PROBLEM DETAILS
Output only the lines from the line holding "A fair-skinned individual" through the close of the records, exactly as they appear, with all pictures omitted.

SOURCE DATA
--------------------------------

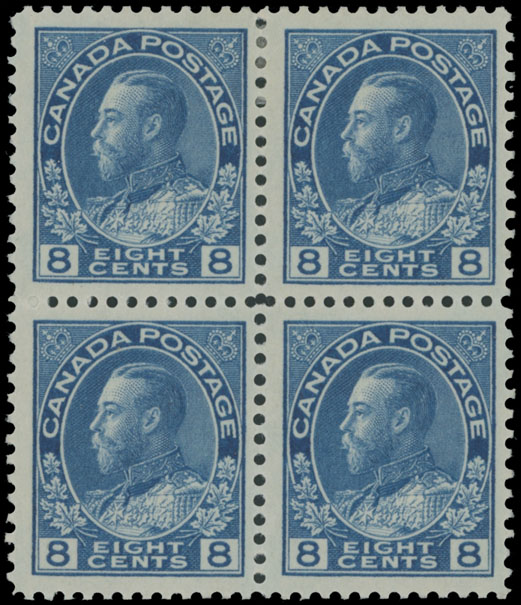 1925, 8c light blue, dry printing, nicely centered block of four, full OG, NH (bottom stamps) or hinged, VF, C.v. $280++, Unitrade #115i, C.v. CAD$640 as singles, Est. $150-$180 , Scott #115 var
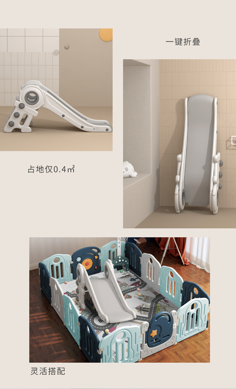 贝易大自然围栏宝宝游戏防护栏室内家用宝宝1-2-3玩具折叠滑梯家庭小型儿童乐园
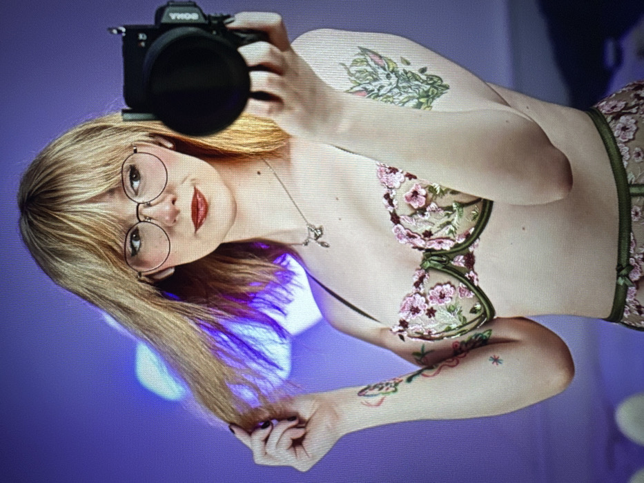 A fair-skinned individual with shoulder-length blonde hair and bangs, wearing round spectacles with dark frames and red lipstick, is depicted from the waist up. She wears a sheer, light beige bra with intricate pink floral and green leaf embroidery, and matching partially visible lower lingerie with a green trim. A delicate silver-colored necklace with a pendant is visible. On her right arm, a colorful tattoo of a serpentine or vine-like design is present, along with a small asterisk symbol. On her left upper arm, a green tattoo resembling a stylized animal head composed of leaves is visible. The individual holds a lock of her hair with her right hand and holds a black digital camera (partially showing "SIGMA" branding) with a large lens in her left hand, pointing it towards herself as if taking a selfie or mirror shot. The background is uniformly purple/lavender, with soft, out-of-focus light sources, indicating an indoor studio or controlled lighting environment. There are no visual cues within the image to determine the specific location in the city of Jos, Nigeria, or any other geographical location.
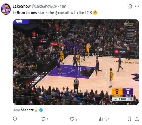 詹姆斯開(kāi)場(chǎng)第一攻就是空接暴扣,隨后兩次的轉(zhuǎn)換上籃輕松命中,開(kāi)場(chǎng)湖人6分全部來(lái)自于41歲的勒布朗。考德威爾大帽勒布朗,老詹示意打手裁判無(wú)視,首節(jié)勒布朗8中5拿到10分0籃板0助攻。
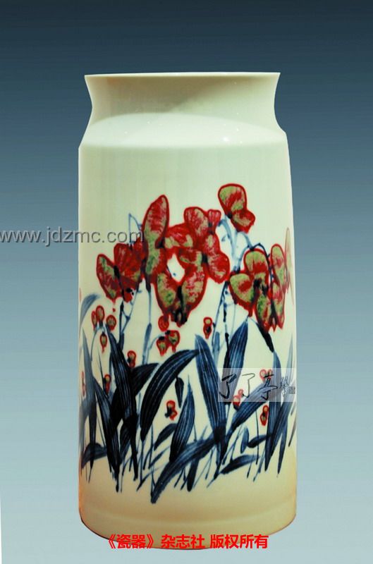 釉上彩《蝴蝶兰》 作者:詹伟 高:41.7cm口径:18cm 《蝴蝶兰》作者:詹伟 詹伟,江西婺源人,现为景德镇陶瓷学院陶瓷美术学院副教授。作品运用中国写意的技法结合陶瓷秞下装饰,使得作品笔意酣畅,其釉里红发色红中有绿,艳而不俗。具有中国传统审美的雅致和东方气度。

--------------------------------

ANSWER BOX
 A fair-skinned individual with shoulder-length blonde hair and bangs, wearing round spectacles with dark frames and red lipstick, is depicted from the waist up. She wears a sheer, light beige bra with intricate pink floral and green leaf embroidery, and matching partially visible lower lingerie with a green trim. A delicate silver-colored necklace with a pendant is visible. On her right arm, a colorful tattoo of a serpentine or vine-like design is present, along with a small asterisk symbol. On her left upper arm, a green tattoo resembling a stylized animal head composed of leaves is visible. The individual holds a lock of her hair with her right hand and holds a black digital camera (partially showing "SIGMA" branding) with a large lens in her left hand, pointing it towards herself as if taking a selfie or mirror shot. The background is uniformly purple/lavender, with soft, out-of-focus light sources, indicating an indoor studio or controlled lighting environment. There are no visual cues within the image to determine the specific location in the city of Jos, Nigeria, or any other geographical location.
 詹姆斯開(kāi)場(chǎng)第一攻就是空接暴扣,隨后兩次的轉(zhuǎn)換上籃輕松命中,開(kāi)場(chǎng)湖人6分全部來(lái)自于41歲的勒布朗。考德威爾大帽勒布朗,老詹示意打手裁判無(wú)視,首節(jié)勒布朗8中5拿到10分0籃板0助攻。
 釉上彩《蝴蝶兰》 作者:詹伟 高:41.7cm口径:18cm 《蝴蝶兰》作者:詹伟 詹伟,江西婺源人,现为景德镇陶瓷学院陶瓷美术学院副教授。作品运用中国写意的技法结合陶瓷秞下装饰,使得作品笔意酣畅,其釉里红发色红中有绿,艳而不俗。具有中国传统审美的雅致和东方气度。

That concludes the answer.